Avec le “Tour cycliste international de la Guadeloupe”, le carnaval est l’une des manifestations qui drainent le plus de spectateurs de tout âge. Des photos du défilé du dimanche 27 janvier dernier à Pointe-à-Pitre illustrent cet article.
La Guadeloupe, aujourd’hui un territoire de moins de 400 000 habitants avec près de 60 000 personnes qui touchent les minima sociaux donc qui vivent en dessous du seuil de pauvreté (1 026 euros par mois en France et en Europe) et avec une délinquance des jeunes qui s’est développée ces dernières années a besoin de panser ses blessures. Bien sûr, le groupe internationalement connu, Kassav’, par la voix de son célèbre guitariste Jacob Desvarieux, a chanté en 1984 “Zouk la sé sèl médikaman nou ni” (Le zouk est notre seul médicament) mais plus de 30 ans plus tard, la Guadeloupe a besoin d’autres remèdes pour soigner ses nouveaux maux.
Alors, force est de constater que le carnaval est aussi devenu un médicament qui permet aux habitants de faire face aux difficultés de la vie moderne. Des milliers de personnes sont inscrits dans des groupes de carnaval pour se défouler, pour exister et beaucoup économisent leurs maigres revenus pour faire leurs différents costumes. D’ailleurs, c’est précisément cette précieuse liberté, cette absence de mainmise politique qui freine l’intégration complète du carnaval dans l’économie de la Guadeloupe comme c’est le cas dans beaucoup d’îles de la Caraïbe…
L’hôpital, c’est la rue…
Dès le mois de novembre, la fièvre monte puisque les groupes commencent à répéter leur musique. Certains “carnavaliers” accueillent le Jour de l’An avec un grand soulagement car la saison du carnaval s’ouvre avec le fameux “ben démaré” à la mer et les défilés des groupes commencent le premier dimanche de janvier pour s’achever le Mercredi des Cendres.
Durant le carnaval, les gens oublient la pression sociale.

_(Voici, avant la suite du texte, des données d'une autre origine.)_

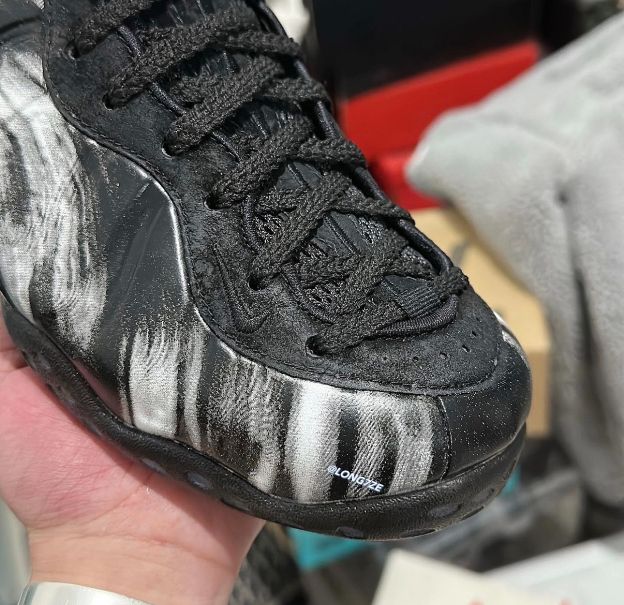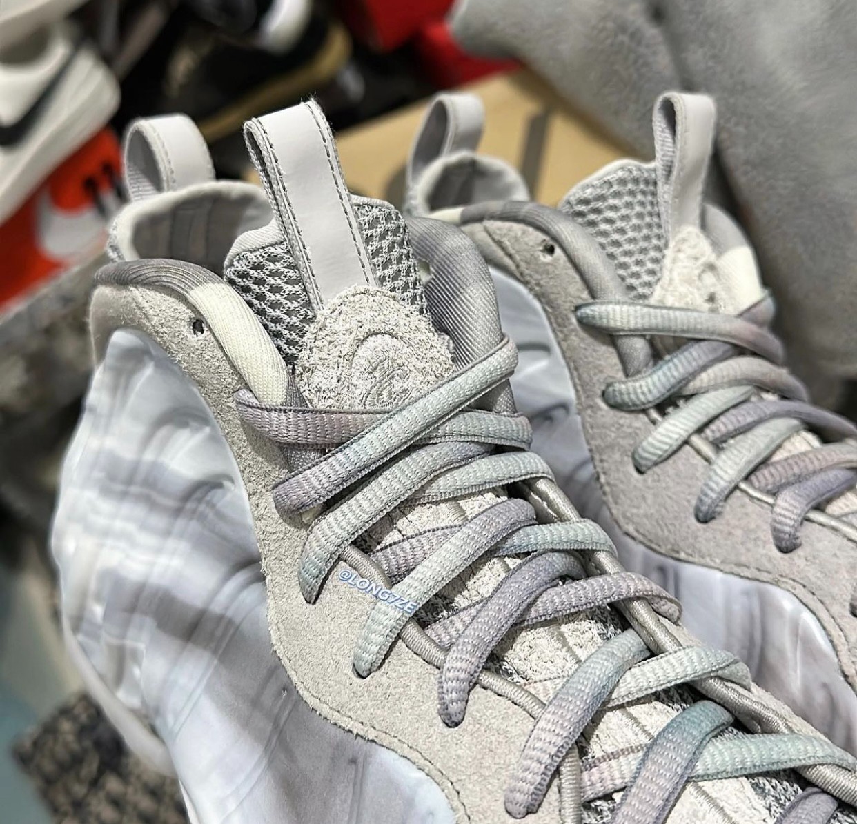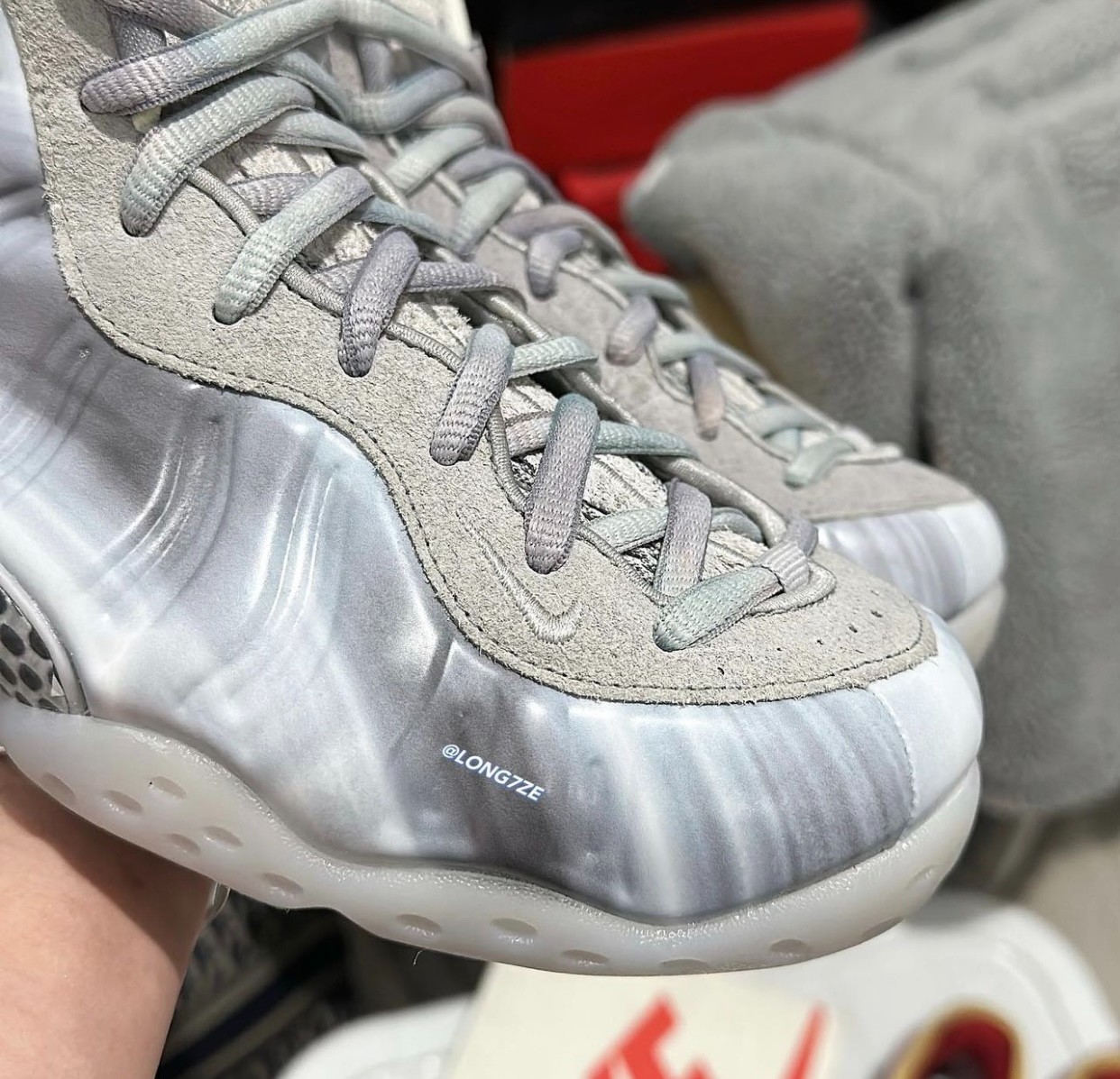 外底则是乳白色水晶外底,承袭 Nike Air Foamposite One 的设计精髓。

Les complexes surtout physiques disparaissent. Par exemple, le surpoids et l’obésité qui, en temps normal, sont vécus comme un gros handicap deviennent invisibles. Les femmes comme les hommes n’hésitent pas à montrer leur corps avec toutes ses imperfections car ils acceptent de porter des costumes plutôt osés. Quel courage! Et curieusement, la foule ne fait aucune critique, il n’y a aucun mot péjoratif. C’est carnaval, tout (ou presque) est pardonnable…
Car les spectateurs viennent aussi se soigner en assistant à ces défilés dans les rues tous les week-ends. Si certains n’hésitent pas à installer des chaises pliantes sur les trottoirs, la majorité reste debout le long des rues pendant des heures pour voir passer les groupes, ils ne ressentent plus leurs douleurs physiques (rhumatismes, arthrose, sciatique etc). La joie des “carnavaliers” devient communicative. Telle une batterie, le moral de tous est ainsi rechargé.